Stored entries:
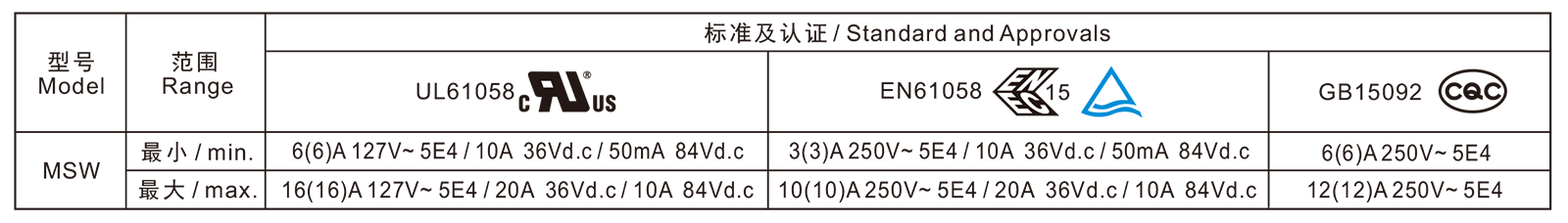 电气参数和认证 Electric Rating and Certification
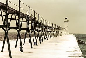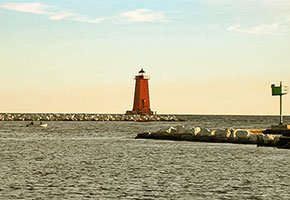 - History: A bright red 1903 steel tower at the very end of the north pier, marking the entrance to the Sturgeon Bay Ship Canal from Lake Michigan.
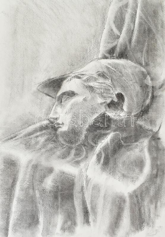 Ligeti Miklós (1982-), 2 db mű: Antik fej. Szén, ceruza, papír, egyik ...
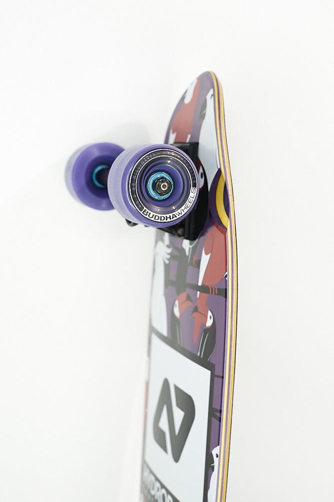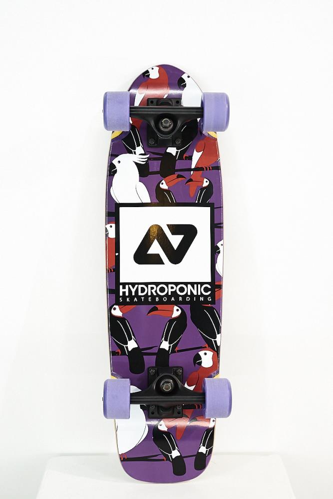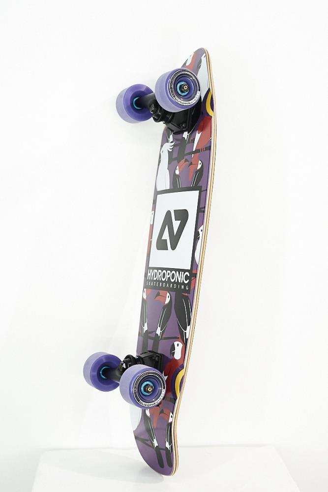 TROPICAL TUCANCruiserDimensions: 26,5 x 7,5 inchesThe Hydroponic TROPICAL has been manufactures with 6 plies of Canadian Hard Rock Maple harvested in reserved areas along with top quality resins, to avoid delamination. It's a lighter deck than usual, equally hard to break due to a reduced Wheel Base.Old School skate cruiser featuring a 70's shape and inspired by surfing, with minimum a mellow concave and a short nose. This small board is able to roll aver almost any kind of surface. Great set up to perform close turns and breaks to avoid street obstacles easily.Smal tail allows for popping ollies, going up curbs and even some flatground tricks.TROPICAL TUCAN127 mm Black trucksBushings 90A Barrel + ConeBUDDHA WHEELS DAKINI Purple, Center Set 60 x 40 mm, 83AHydroponic ABEC 7 Bearings with Spacers
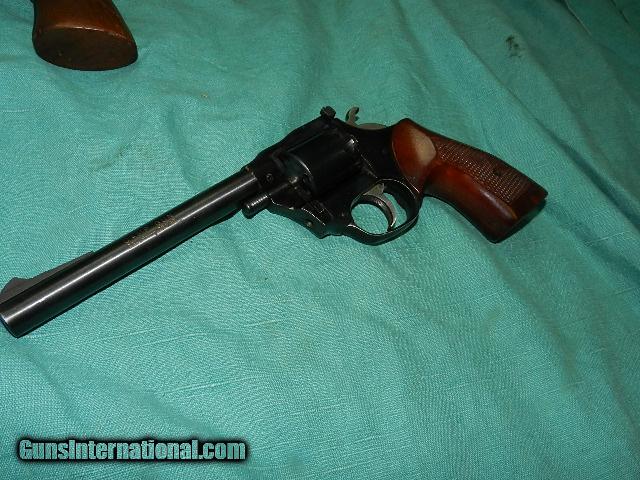Description: A very good condition, and rare Camp Convertible with two cylinders in .22LT and .22 Mag. , with a 6 " barrel, and excellent,clean, shiny bore. Overall condition is very good with about no wear!Finish remaining is about 98% blue on this steel frame . Has American checkered grips also in very good condition. Action works good and is smooth.Handy carry gun. This model has an easy to open the cylinder by pulling on the cylinder pin, and under the pit is a slot for push-in removal of the cylinder and cylinder crane. We don’t have asite .I prefer money orders or a check. Item ships when funds come in. If you can only pay with a card let me know. I hope you like my wide selection of unusual guns, knives and gun parts. I try to keep the prices affordable, which means I make less money than most dealers. I consistently have the best selection of older guns If you BUY IT NOW you must still contact us for details buy it now doesn't end the sale, it just sends an email telling us you want to buy this gun. A phone call won’t secure a sale! Not home many times, the first buyer by email buys the gun !Thissite doesnot close down a sale when you do a BUY IT NOW like Ebay!I can get six buy it nows in an hour, first buyer to email gets the guns, others are in second place! Best to send another email . Sometimes not home to get calls. Some guns are required shipment to a gun dealer near you for a transfer to you when it arrives. With the widest selection of older guns at great prices, We don’t have a store, and sell on the internet only. SOLD |
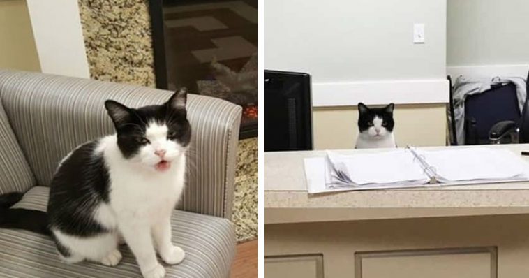 Oreo was living on the streets until she was brought to the St. Augustine Health Ministries in Cleveland. The cat’s unique fur patterns and her love for cuddles made her an instant favorite among the staff. They consider her family and decided to put the kitty on the front desk to greet visitors and help the employees.
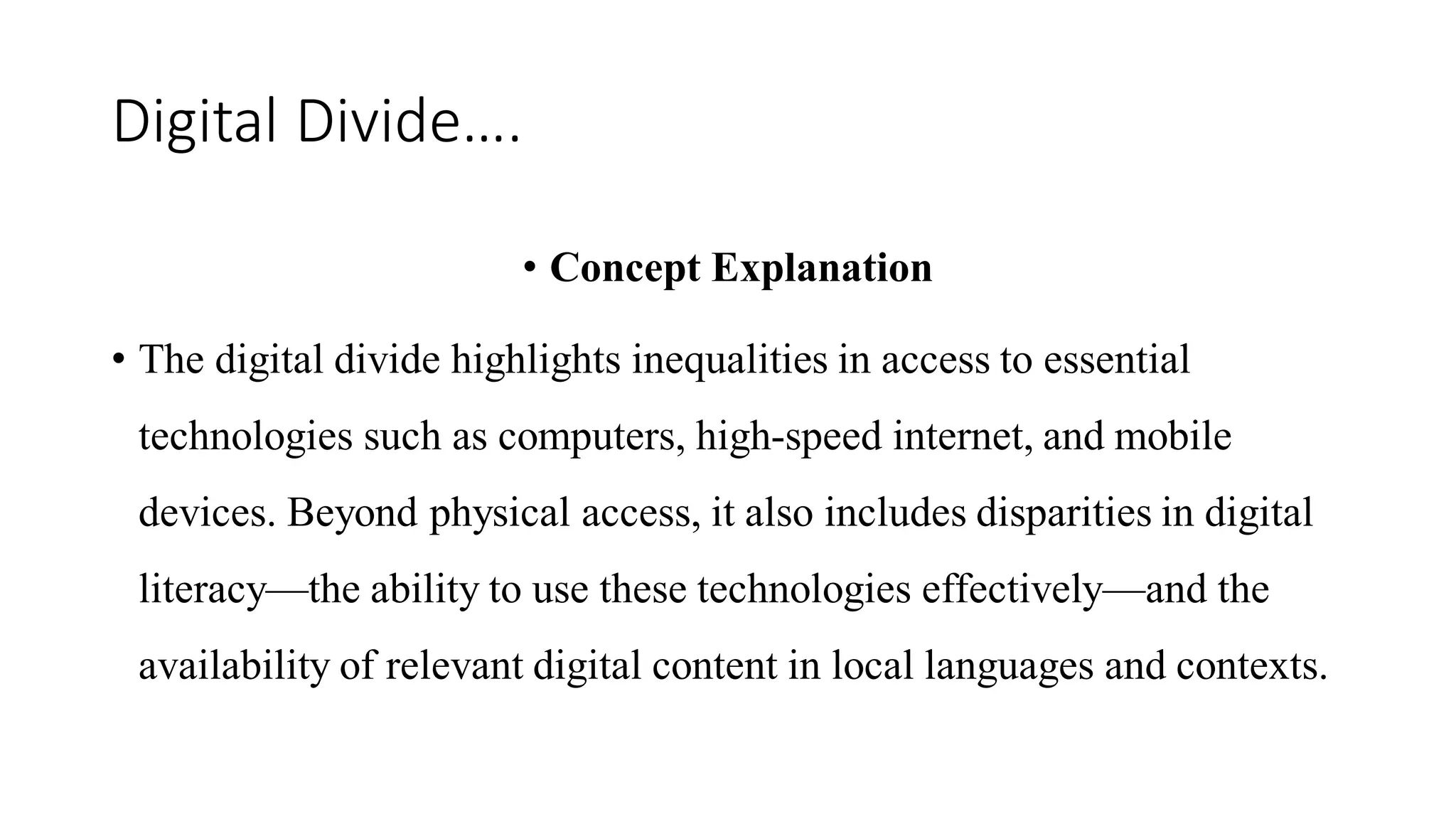 -Even with access to technology, individuals may lack the skills or knowledge to effectively use digital tools and
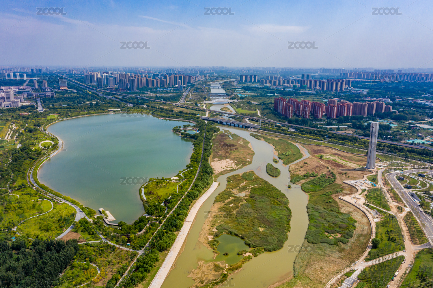航拍河南郑州象湖生态湿地公园及贾鲁河水系
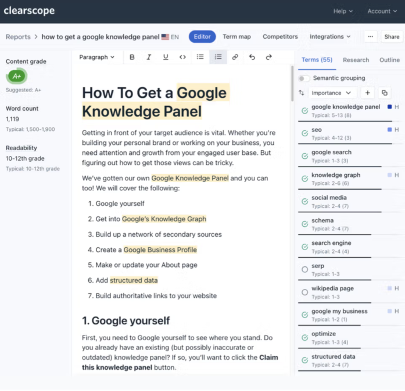 Limitations: Clearscope focuses on content optimization and development, and in my experience, it does that incredibly well. It may lack some features other platforms have (e.g., backlink tracking and competitor analysis).

* YOUR OBJECTIVE
Write out exactly and only the lines that run from the start of the data above through the line containing "Ligeti Miklós (1982-), 2", leaving the pictures out.

* TASK SOLUTION
 电气参数和认证 Electric Rating and Certification
 - History: A bright red 1903 steel tower at the very end of the north pier, marking the entrance to the Sturgeon Bay Ship Canal from Lake Michigan.
 Ligeti Miklós (1982-), 2 db mű: Antik fej. Szén, ceruza, papír, egyik ...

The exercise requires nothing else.